Medan | GeberNews.com – Kantor Gubernur Sumatera Utara kembali jadi sorotan. Wartawan yang menjalankan tugas jurnalistik justru dibatasi, bahkan dipagari untuk masuk ke ruang kerja Gubernur. Ironisnya, pedagang makanan dan minuman bisa bebas keluar-masuk tanpa hambatan. Pemandangan timpang ini bukan sekadar janggal, tetapi melukai akal sehat. Bagaimana mungkin pers—yang merupakan pilar demokrasi—diperlakukan seolah ancaman, sementara pedagang yang hanya mengurus konsumsi justru diberi keleluasaan?
Kritik keras datang dari Osril Limbong, pengamat sosial sekaligus bagian dari Forum Jurnalis Pemprov (FJP) dan Himpunan Insan Pers Solidaritas Indonesia (HiPSi). “Ini jelas diskriminasi. Pers adalah pilar keempat demokrasi yang dijamin Undang-Undang Nomor 40 Tahun 1999 tentang Pers. Kalau wartawan dibatasi, itu sama saja mengebiri hak publik untuk tahu,” tegasnya.
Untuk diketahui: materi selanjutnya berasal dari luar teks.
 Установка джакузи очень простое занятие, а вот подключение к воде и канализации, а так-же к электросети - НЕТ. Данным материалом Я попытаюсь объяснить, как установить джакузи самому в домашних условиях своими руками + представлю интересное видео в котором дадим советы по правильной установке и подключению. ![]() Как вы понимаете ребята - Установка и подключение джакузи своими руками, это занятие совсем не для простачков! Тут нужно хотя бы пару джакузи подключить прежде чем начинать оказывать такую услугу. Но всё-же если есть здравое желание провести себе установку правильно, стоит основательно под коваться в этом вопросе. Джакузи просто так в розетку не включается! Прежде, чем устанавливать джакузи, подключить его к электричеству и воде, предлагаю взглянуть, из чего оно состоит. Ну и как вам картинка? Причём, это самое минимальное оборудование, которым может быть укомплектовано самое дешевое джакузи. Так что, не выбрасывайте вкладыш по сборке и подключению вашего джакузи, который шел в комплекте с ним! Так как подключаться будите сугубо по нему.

Situasi ini makin mencuat ketika pada Jumat, 8 September 2025, Gubernur Sumut Muhammad Bobby Afif Nasution turun ke kantin kantor untuk makan bersama usai pengangkatan Syaiful sebagai Ketua Persatuan Wartawan Gubsu. Padahal, sejak dilantik, Gubernur nyaris tidak pernah menyambangi kantin. Kehadiran tersebut menimbulkan tanda tanya besar: apakah akses wartawan hanya “dibuka” saat momen simbolis tertentu, sementara pada hari-hari biasa justru ditutup rapat? Demikian disampaikan Osril Limbong pada Senin, 15 September 2025.
Sejumlah jurnalis yang biasa meliput di Kantor Gubsu turut melayangkan kekecewaan. Mereka mempertanyakan konsistensi aturan yang berlaku. “Kalau memang ada kebijakan ketat soal akses, seharusnya berlaku untuk semua pihak. Jangan wartawan dipagari, pedagang dilepas. Ini jelas pilih kasih,” ujar Jasrial Husin, salah seorang jurnalis.
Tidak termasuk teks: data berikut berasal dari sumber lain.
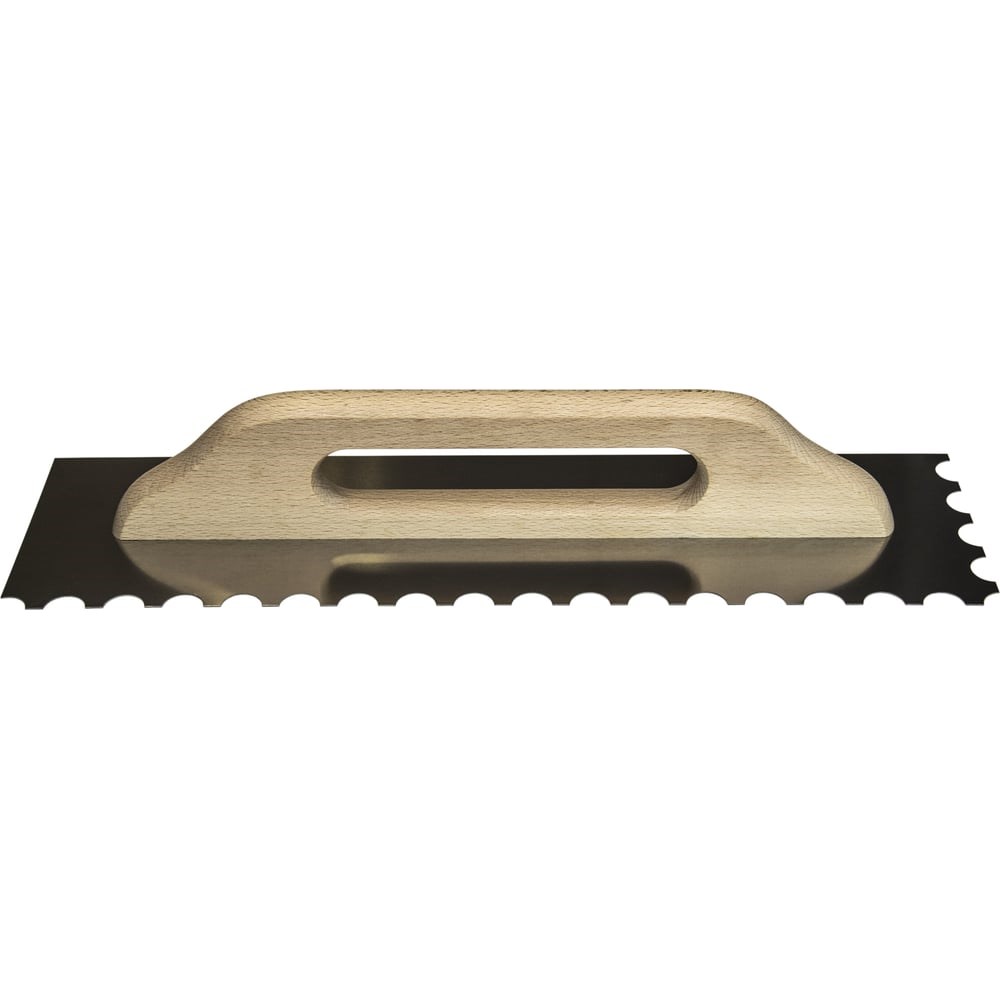 Гладилка HARDY швейцарская, 130х480 мм, серия *43*, зубчатый полукруг 14 мм - 0800-434811 используется для работы на больших поверхностях. Широко применяется при ремонтно-отделочных работах, когда требуется нанести большое количество раствора или бетона ровным тонким слоем, например плиточного клея, штукатурки или шпатлевки. Конструктивно инструмент состоит из двух элементов: полотна и ручки. Рабочая часть гладилки изготавливается из нержавейки, что существенно продлевает срок ее службы. Гладилка позволит быстро исправить дефекты поверхности, заделать трещины и швы, сгладить неровности стен и потолка, подходит для гипсокартона. С помощью гладилки наносятся сухие смеси, штукатурка, шпатлевка, клей и т.д. Зубчатая часть гладилки применяется при нанесении состава под укладку плитки: за счет зубцов смесь равномерно распределяется, легко выравнивается толщина слоя, что повышает качество и скорость отделки, а так же уменьшает расход раствора. Размер полукруга - 14 мм.

Wakil Pemimpin Redaksi GeberNews.com sekaligus SuaraPrananta.com, Adi Warman Lubis, juga angkat bicara. Ia menilai pelarangan wartawan masuk adalah preseden buruk bagi keterbukaan pemerintah. “Jangan salah kaprah, kantor gubernur itu bukan ruang privat. Itu rumah rakyat. Wartawan datang bukan untuk hura-hura, melainkan menjalankan fungsi kontrol sosial sebagaimana diatur dalam UU Pers. Kalau wartawan dipagari, itu sama saja menutup akses publik terhadap informasi,” tegas Adi.
Lebih lanjut, Adi menilai kebijakan diskriminatif itu berpotensi merusak citra Bobby Nasution sebagai gubernur yang dikenal dekat dengan masyarakat. “Rakyat menunggu bukti keterbukaan, bukan sekadar slogan. Kalau pedagang bisa bebas lalu lalang, sementara wartawan diblokir, itu ironi yang mencoreng demokrasi. Jangan sampai rakyat menilai Gubernur lebih ramah pada pedagang daripada pada pers,” tambahnya.
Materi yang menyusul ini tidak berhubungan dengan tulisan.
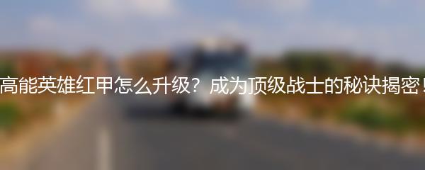 作为高能英雄,红甲的升级是成为顶级战士的关键。下面是一些升级的秘诀,让你的红甲更加强大!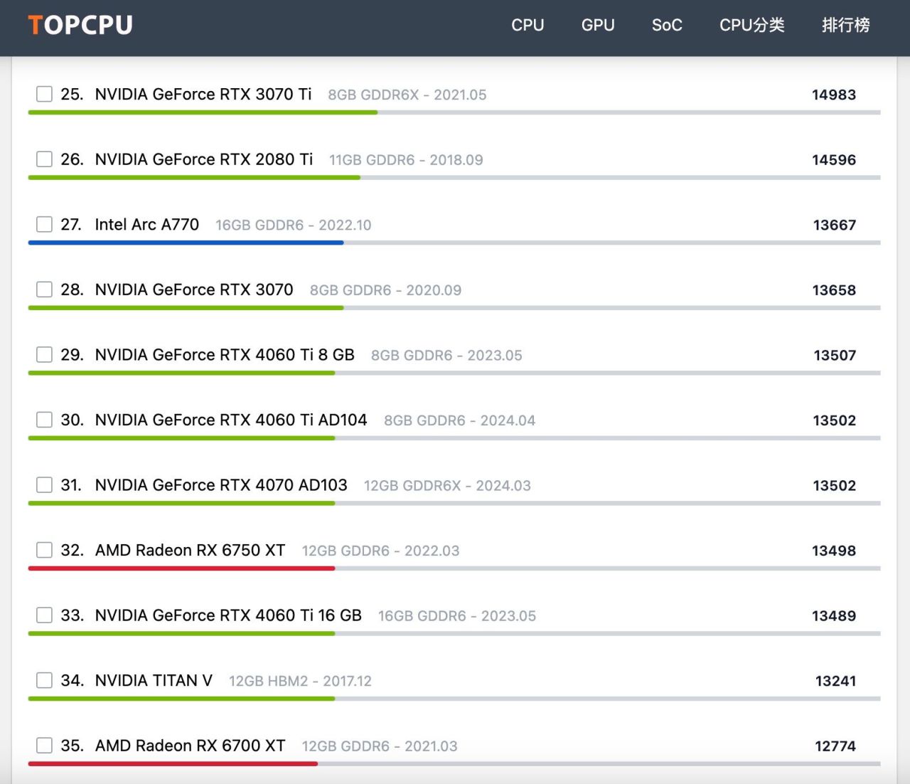 在3DMark Time Spy项目测试中,Intel Arc A770性能还是十分不错的,排行榜数据来源于topcpu。

UU Pers Nomor 40 Tahun 1999 Pasal 4 menegaskan, kemerdekaan pers dijamin sebagai hak asasi warga negara. Pers memiliki hak mencari, memperoleh, dan menyebarluaskan informasi. Jika kebijakan di Kantor Gubsu bertentangan dengan ini, maka kebijakan tersebut jelas bermasalah dan patut dipertanyakan.
Osril Limbong menegaskan, pemerintah daerah tidak boleh menutup diri dari pengawasan pers. “Kalau wartawan dibatasi, lalu siapa yang akan menyampaikan kerja-kerja pemerintah kepada masyarakat? Jangan sampai Kantor Gubsu berubah jadi ruang eksklusif, ramah bagi pedagang tapi menutup diri dari kontrol pers,” pungkasnya.